Activity -
The answer must consist only of the lines from the line with "4 - أَوْ يَتَصَدَّقَ" to the line with "ネコさんを起こさないように起きる飼い主さん|あに丸ズッキーニ", both included, exactly as they stand below.

BEGIN Supplied data

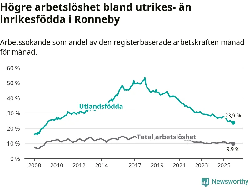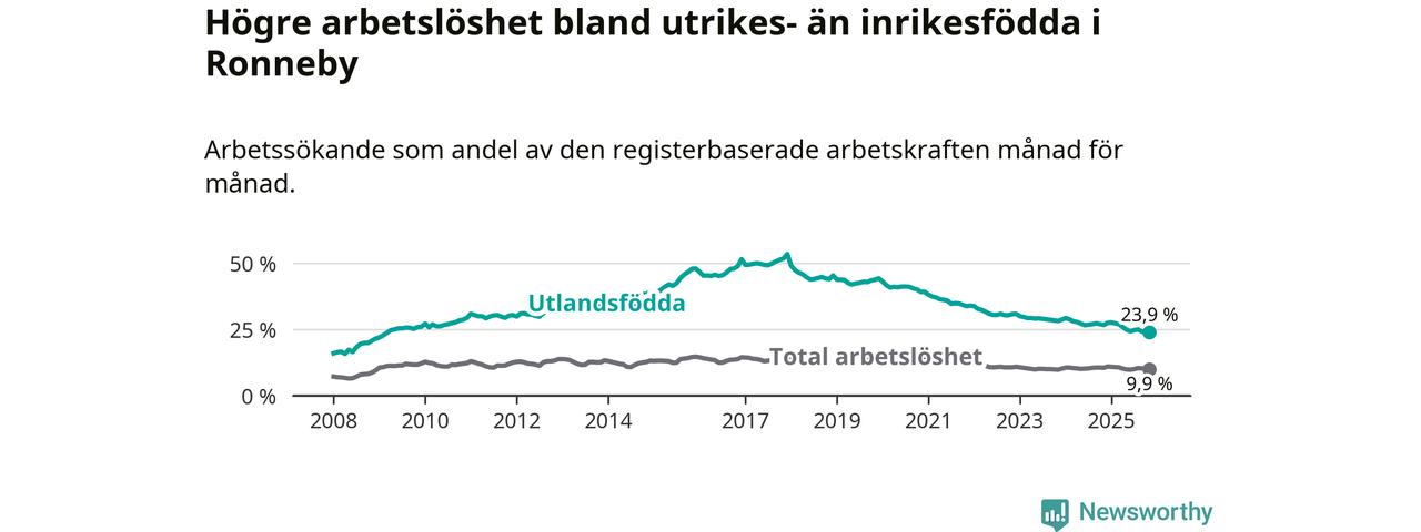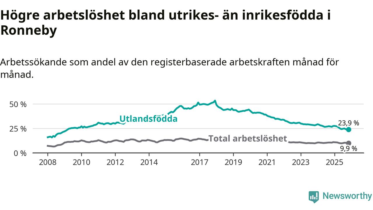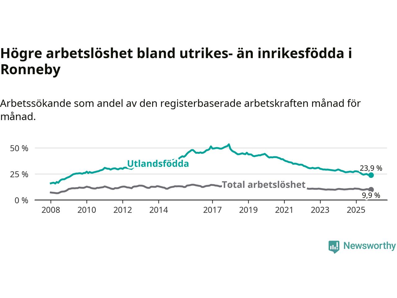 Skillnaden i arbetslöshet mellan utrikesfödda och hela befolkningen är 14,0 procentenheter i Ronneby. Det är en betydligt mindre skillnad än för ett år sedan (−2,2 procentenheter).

END Supplied data
BEGIN Supplied data

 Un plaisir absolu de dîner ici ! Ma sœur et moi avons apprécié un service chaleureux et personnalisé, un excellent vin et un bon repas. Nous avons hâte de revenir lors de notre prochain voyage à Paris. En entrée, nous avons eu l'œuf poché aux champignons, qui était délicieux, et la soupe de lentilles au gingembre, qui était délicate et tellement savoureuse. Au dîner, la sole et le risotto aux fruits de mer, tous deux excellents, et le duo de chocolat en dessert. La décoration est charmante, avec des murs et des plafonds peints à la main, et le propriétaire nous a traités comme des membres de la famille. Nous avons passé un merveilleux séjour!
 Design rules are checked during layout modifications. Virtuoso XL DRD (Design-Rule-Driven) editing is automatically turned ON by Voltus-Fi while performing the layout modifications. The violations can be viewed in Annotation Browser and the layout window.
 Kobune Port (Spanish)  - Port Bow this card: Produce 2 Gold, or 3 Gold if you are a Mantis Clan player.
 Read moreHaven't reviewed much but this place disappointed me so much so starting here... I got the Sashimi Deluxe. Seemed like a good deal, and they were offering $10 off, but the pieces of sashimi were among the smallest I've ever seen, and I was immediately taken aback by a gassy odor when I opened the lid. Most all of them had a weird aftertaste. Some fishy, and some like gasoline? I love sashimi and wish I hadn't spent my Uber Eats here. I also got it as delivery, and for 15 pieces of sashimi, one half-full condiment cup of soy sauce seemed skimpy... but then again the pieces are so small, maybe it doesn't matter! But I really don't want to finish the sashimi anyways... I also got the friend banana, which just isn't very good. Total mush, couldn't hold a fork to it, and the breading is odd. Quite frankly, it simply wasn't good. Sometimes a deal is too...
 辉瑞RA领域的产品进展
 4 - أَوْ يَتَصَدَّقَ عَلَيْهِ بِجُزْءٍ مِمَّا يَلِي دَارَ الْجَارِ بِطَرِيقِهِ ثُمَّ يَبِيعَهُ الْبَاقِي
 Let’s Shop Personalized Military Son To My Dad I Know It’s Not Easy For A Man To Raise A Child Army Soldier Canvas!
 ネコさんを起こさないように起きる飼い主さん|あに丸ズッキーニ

END Supplied data

Result -
 4 - أَوْ يَتَصَدَّقَ عَلَيْهِ بِجُزْءٍ مِمَّا يَلِي دَارَ الْجَارِ بِطَرِيقِهِ ثُمَّ يَبِيعَهُ الْبَاقِي
 Let’s Shop Personalized Military Son To My Dad I Know It’s Not Easy For A Man To Raise A Child Army Soldier Canvas!
 ネコさんを起こさないように起きる飼い主さん|あに丸ズッキーニ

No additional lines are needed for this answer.